As a woman I expect to be #1 in my husband's world. What this means is, when you are married it implies you trust her. You should BELIEVE her when she says your mother gives her the cold shoulder. Do you doubt yourself and feel you chose a wife who would be making something like that up? If so, then for what reason? My guess is…you trust your wife. You just respect your mama of course and don't want there to be a riff. My fiance is Greek. I am not. His parents are super hostile, passive aggressive etc. towards me. On my first meeting with them, I made coffee…his father took a sip and demonstratively spit it out in front of everyone. His mother thinks I'm flawed in domestic responsibilities because my own mom passed away when I was young and I worked. I didn't cook or clean and she thinks that because I didn't enter into my relationship with him "like her" I am not good enough for him. She doesn't want her son to defer to anyone BUT her. Is this like your mom? Because it is your right to grow up, be a man and have your own family. I FEEL INADEQUATE when my fiance actually believes his mother. It is A reason for me to want to bail out. I resent him for it. In my opinion, part of being a man is understanding and believing your wife as your #1 priority. So…im thinking this is how your wife feels to a degree which is BAD. You need to tell your parents she is your world, you don't want drama…but if she doesn't have parents in her life she probably wants yours to welcome her as a daughter, as their son's partner. Do this and see what happens with the kids' visiting their grandparents. You see…she feels the kids are a part of her and of course sacred beings she wants to cherish. Why would she be over the moon in sharing something so special to her with people she feels rejected by?


----------



## Hortensia

sisters359 said:


> No, you need to work this out with your parents. Your first loyalty is to your wife. But she should not be allowed to use the kids as hostages against your wishes. You can make arrangements for your parents to see the kids away from your wife, and make sure your parents understand it is inappropriate for them to speak against your wife to the kids-that would be grounds for YOU to keep your kids from your parents, too.
> 
> You need to be careful not to take your parents side in this. Doesn't matter who started it; she's your wife and it's your first responsibility to support her. You can tell her if she's in the wrong, but make sure she knows that is a discussion between you and her and that you would NEVER speak against her to anyone. Refuse to let your mom drag you into anything and make sure your wife knows you've set boundaries with your mom, too. Good luck; touchy stuff!
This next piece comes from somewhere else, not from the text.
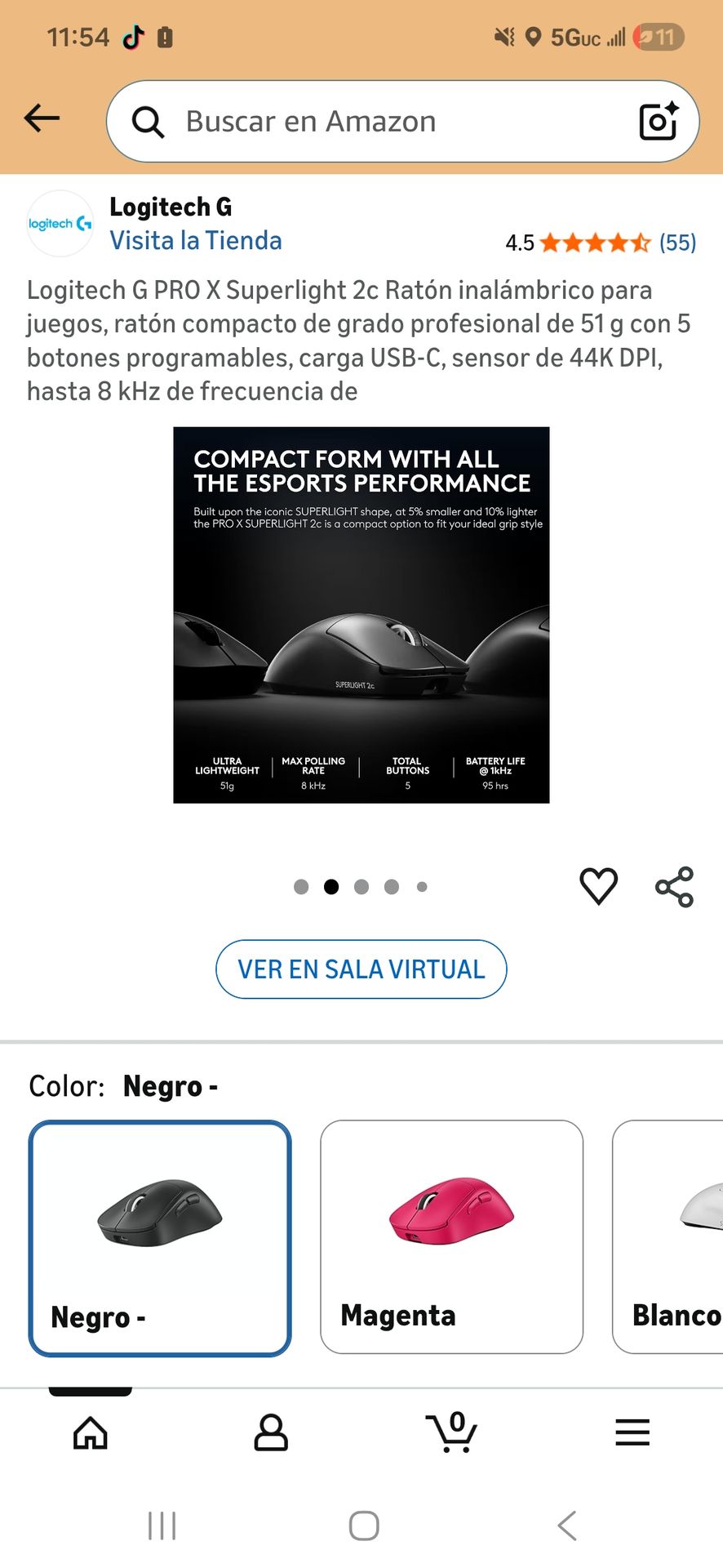 Logitech G PRO X Superlight 2c Ratón inalámbrico para juegos, ratón compacto de grado profesional de 51 g con 5 botones programables, carga USB-C, sensor de 44K DPI, hasta 8 kHz de frecuencia de

Ugh, this is why remind me not to have children..sure raise them gave them your best, just to become second fiddle to some stranger who did for them...what?
And one day, when op comes back with a thread 'my wife cheated', we'll see who should have come first then. .

I think you should sit them both dowb together and ask them to reconcile. They should try to get along for your sake. As for the kids they shouldn't be deprived of two loving grand parents just because their of their mom's pride. It's selfish. Dont take any side just tell them both this.
_Posted via Mobile Device_


----------



## ubercoolpanda

What are the reasons why they don't like each other?
_Posted via Mobile Device_


----------



## AVR1962

I have been thru this myself and understand what your wife is dealing with. I do also understand why she would feel that if your mom can't respect her then she does not deserve to see her grandchildren BUT this is not fair to the child being forbidden to see a grandparent. As much as your wife does not like your mom, your children still deserve that bond, or relationship. Taking that away could cause a very opposite effect that would be much worse than letting the child visit.


----------



## Oatmeal

Just like TAM has scripts about how to behave and what's reasonable to expect and so on, so does the largest in-law site that I'm aware of. OP's wife is acting just as their script dictates: if you can't respect the mom, you don't get access to the kids. If the husband pushes to take the kids to MIL against Mom's wishes, they suggest divorce and then take the kid's to MIL during your visitation.

In general, I agree with this philosophy. If OP loves his wife and wants to remain married, he should not feel stuck in the middle. He should be taking his wife's side and insisting that his parents respect her. There is no middle. Spouse should be first.


----------



## Somebody2

I'm in this situation as well. My wife and my mom have huge problems. My wife doesnt trust my mom with our kids, and My mom is disgusted and saddened by it. Then of course the numerous cold shoulders, snide comments, ect. from both parties - continues the cycle of hate.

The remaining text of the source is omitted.